I also did a film with a very close friend, the art director Walter Bernard, for an HBO Documentary called Portraits of a Lady. It was about 25 artists who have a painting club in New York called the Portrait Group. They have been meeting every Wednesday for more than 50 years. You’d get these 25 people all doing portraits of the same model at the same time, some working in pencil, some working in charcoal or oil. Among the artists were Aaron Shikler, who did the famous official portrait of John F. Kennedy, and David Levine, perhaps the world’s greatest caricaturist. We got former Supreme Court Justice Sandra Day O’Connor to sit for them, and she was absolutely wonderful. She sat for the whole day, and we filmed it. We finished the film with an exhibition of the 25 portrait paintings at the National Portrait Gallery, and O’Connor was the guest of honor. The film was short-listed for an Academy Award Nomination.
PPD: Do you ever think about how the span of your career and the heyday of the printed magazine paralleled one another?
NL: Yes, I do, all the time. I like to tell people that when it comes to sports photography, there is a tremendous amount of luck required. You can’t be in the right place every time, you can’t always be in the right position when the winning touchdown is scored. What separates the really good photographers from the ordinary ones is that when you are in the right seat, when you are in the right place, you don’t miss. When you get lucky, you don’t miss. You come up with something terrific. Well, the same thing is very true about the timing of my career. My career definitely paralleled the heyday of Life and Sports Illustrated as weekly magazines. At Sports Illustrated and Time we had everything we could possibly want to get good pictures. If you didn’t get the shots, it was because of you, not because of a lack of money or equipment.
PPD: Do you think today’s photographers have the same opportunities for success?
NL: I lecture frequently, usually on cruise ships, but I also occasionally lecture at universities and colleges to journalism classes.

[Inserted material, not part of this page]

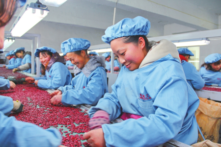 “這是我們公司最暢銷的紅蕓豆罐頭,即開即食,顆粒碩大,色澤紅艷,很受北京、上海等大城市白領(lǐng)歡迎?!痹卺硩咕G祥源生態(tài)農(nóng)業(yè)有限公司成品車間,總經(jīng)理呂杰邊走邊介紹,紅蕓豆蛋白質(zhì)含量豐富,氨基酸種類齊全,特別是含有兒童生長發(fā)育所需組氨酸,是一款能提供較全面營養(yǎng)的理想食品。

I always tell the students that there are no guarantees in life, but I will absolutely guarantee you a career as good as mine, no question, if you can go out and find yourself one thing: Just find yourself a subject as good as Muhammad Ali and stay close to him for the next 40 or 50 years. So much of it is luck. For me to have had this amazing man who loved the camera the way that Ali did was a great gift.

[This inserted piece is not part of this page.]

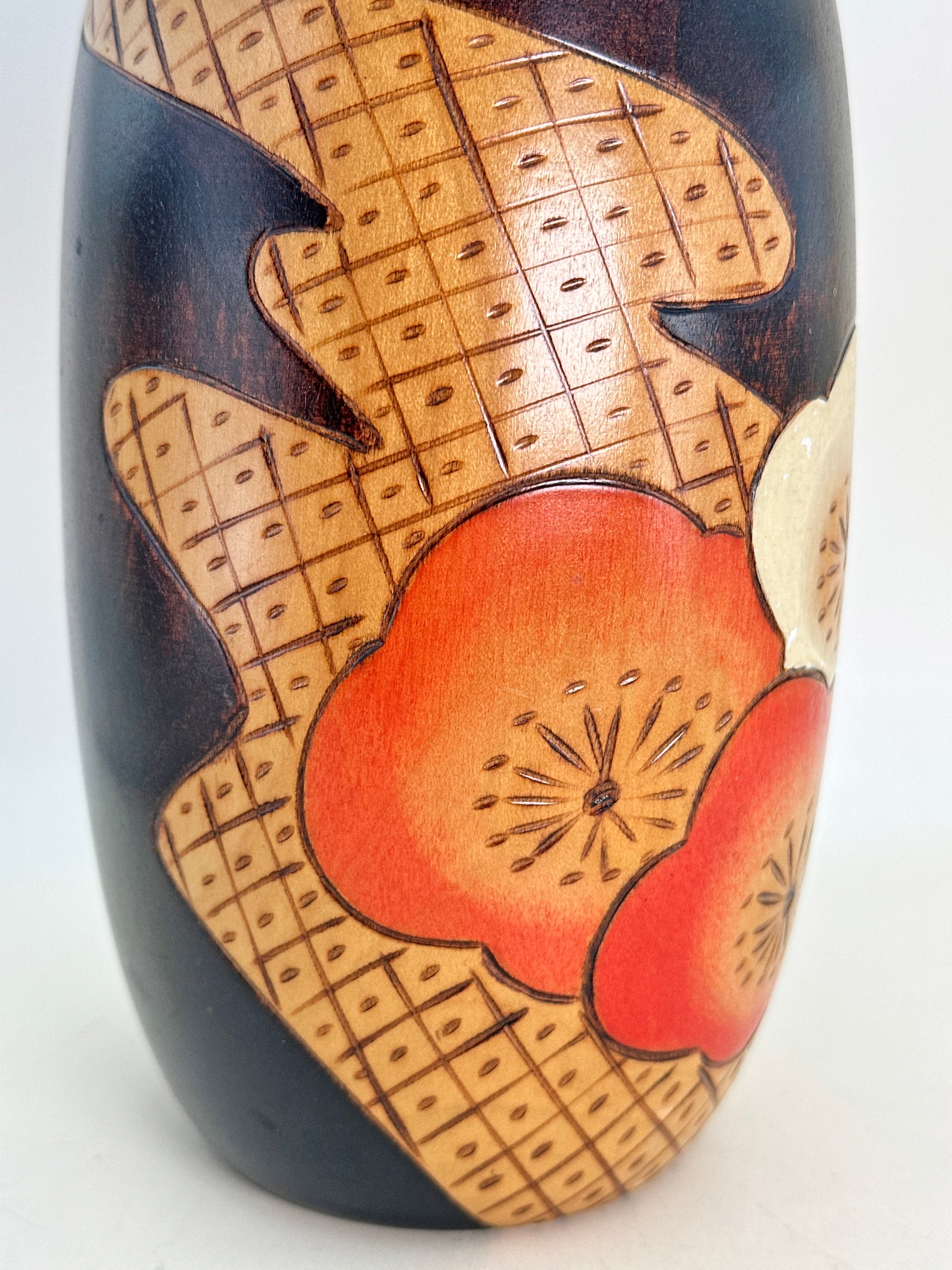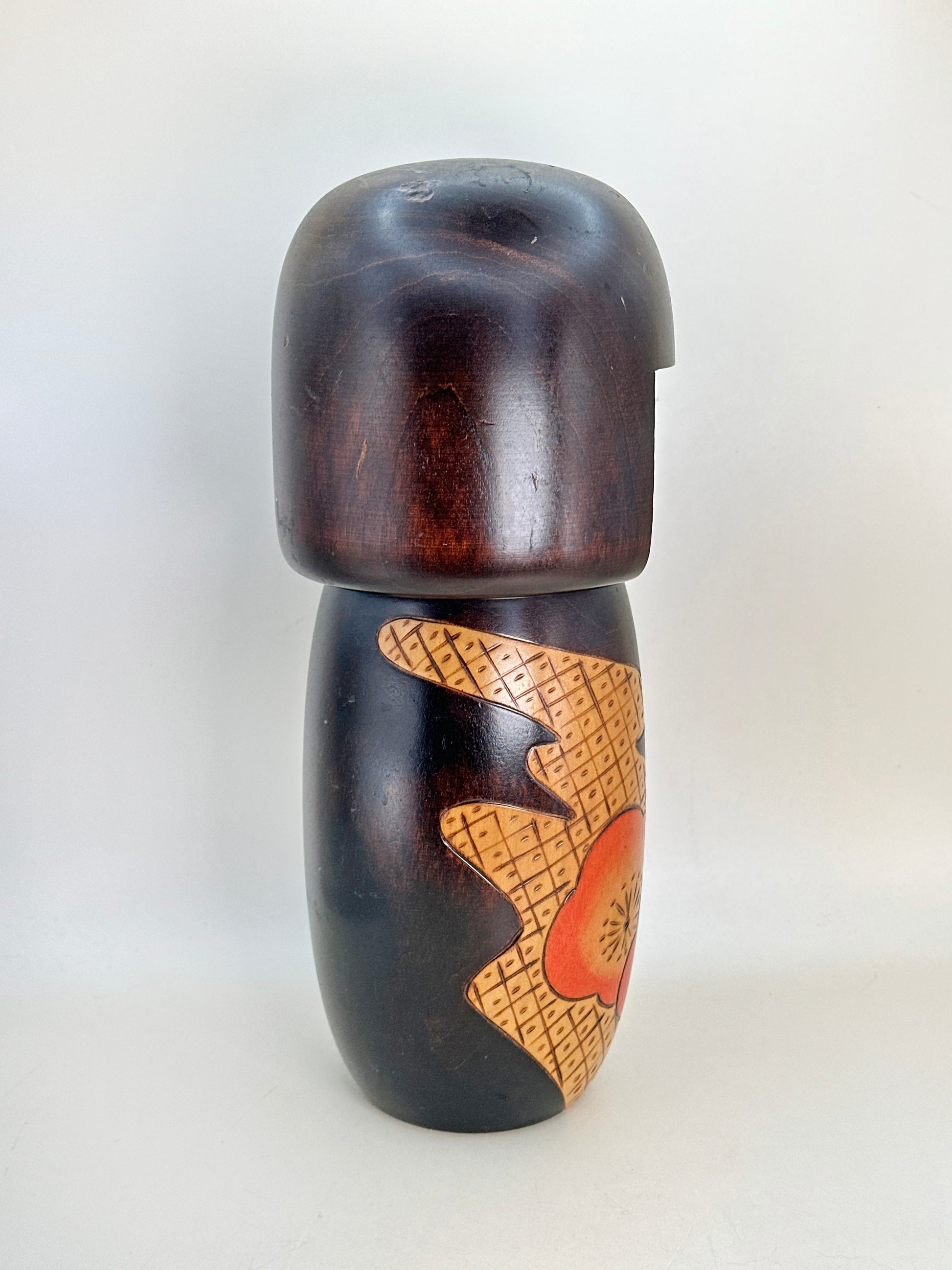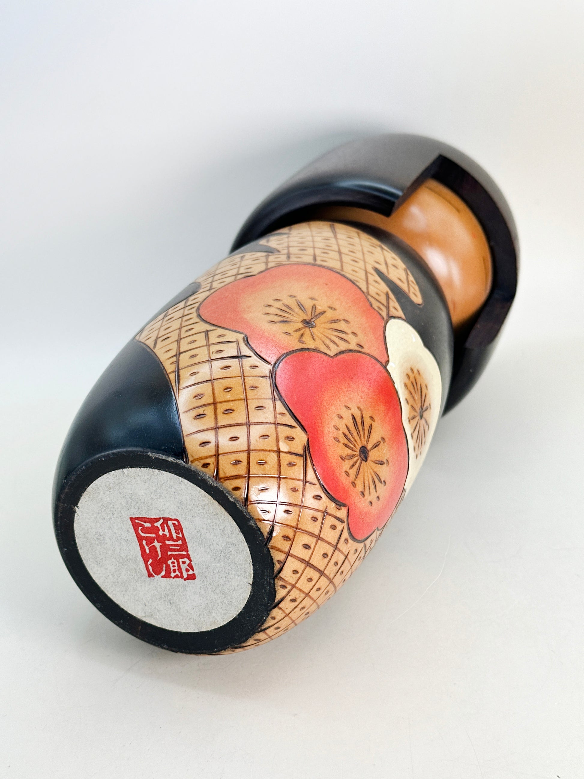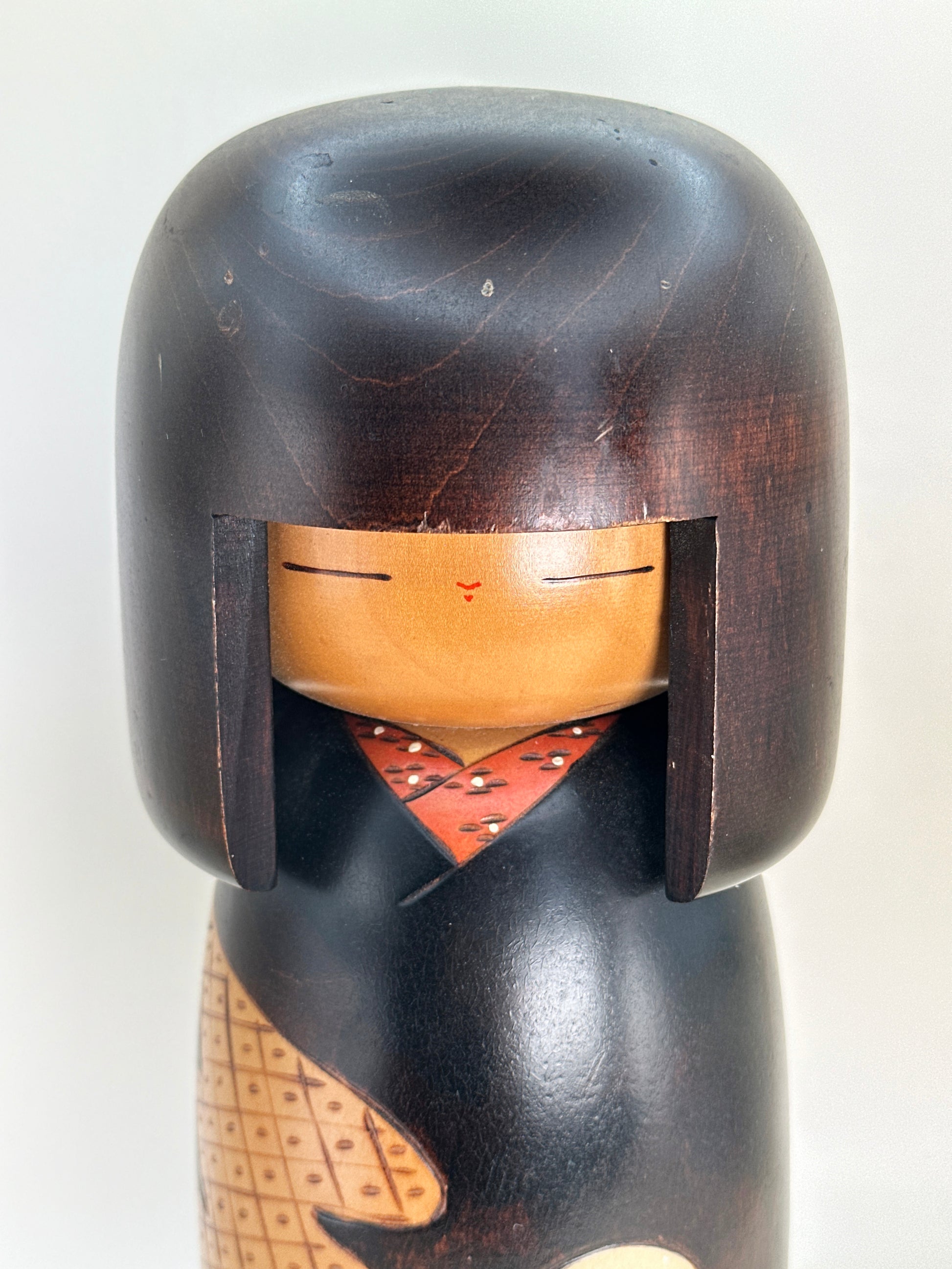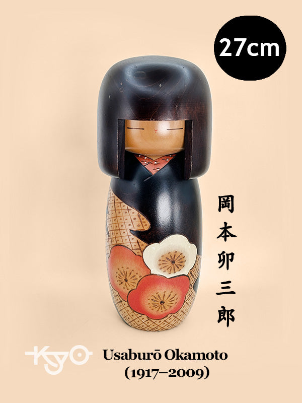 Notably, this design remains in continuous production by Okamoto’s descendants, a rare distinction that speaks to its enduring popularity and artistic significance. It stands as both a masterwork of mid-20th-century sōsaku kokeshi and a living legacy, connecting generations through form, symbolism, and craftsmanship.

PPD: You have a new book coming out called Relentless, correct?
NL: Yes, Relentless will be published in May. It’s been a great project to work on, and it took almost three years to put together. I worked with a very good writer and friend named Diane K. Shah. Diane was the first woman to be given a sports column in a major American newspaper, the LA Herald Examiner. Relentless is a memoir of my life, and it’s being published by the University of Texas Press. The subtitle is "The Stories Behind the Photographs," and it’s really just a series of anecdotes about the highlights and a few of the things that didn’t go so perfectly in my career. There are stories of what it’s like to be alone in the Oval Office with the president and what it’s like to be in the studio with Muhammad Ali or what it’s like to get Michael Jordan, Magic Johnson and Larry Bird together for a photo shoot. I hope people are going to like it. I’m very happy with the way it’s worked out.